Australian dance music DJ (1977–2019)

Adam Gary Neat (1977 – 4 May 2019), known professionally as Modium and later as Adam Sky, was an Australian dance music DJ.

==Early life and education==
Neat was from Melbourne and was the son of Gary Neat, a businessman and politician who was formerly a journalist with the Australian Broadcasting Corporation.

==Career==
Neat worked in information technology, including as an entrepreneur, before focusing on his DJ career. Based in Singapore, Adam Sky was ranked third most popular DJ in Asia. He worked with acts including Fatboy Slim, The Scissor Sisters, David Guetta, Afrojack, and Taio Cruz, had several signed tracks, and had a large number of tracks chart in the Top 100 and Top 10. He was resident DJ at several clubs starting in 2011 as Modium with Hedkandi's Ministry of Sound events; since moving to Singapore he referred to Altimate in 1-Altitude in Raffles Place as his "home base". He also hosted a radio show with more than a million listeners each month, The Guestlist or Guest List Radio, and in March 2018 founded Jupiter Labs, a talent agency incorporating a production facility called Titan Studio, in Singapore.

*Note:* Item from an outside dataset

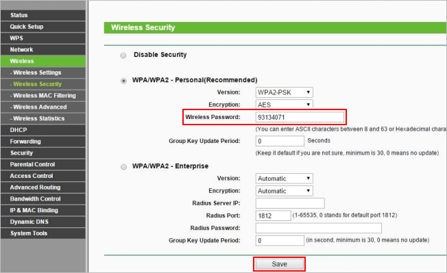 Chcete-li změnit heslo Wi-Fi, vyberteBezdrátové zabezpečenía poté zadejte své nové heslo. Ujistěte se, že již máte šifrováníWPA2zapněte a nastavte silné heslo pro vaši síť. Klikněte naUložittlačítko a odhlaste se.

==Private life and death==
Sky was married to Marvie Jean Tejada. Sky died on 4 May 2019 at the age of 42 at the Hillstone Villas resort in South Kuta, Bali, Indonesia. His assistant Zoia Lukiantceva fell approximately 10 m from a terrace and broke her leg; Sky apparently rushed to help her while drunk and was discovered the next day near the bathroom of the vacant villa below the one in which they were staying with another friend, having bled to death after cutting his arm on the window.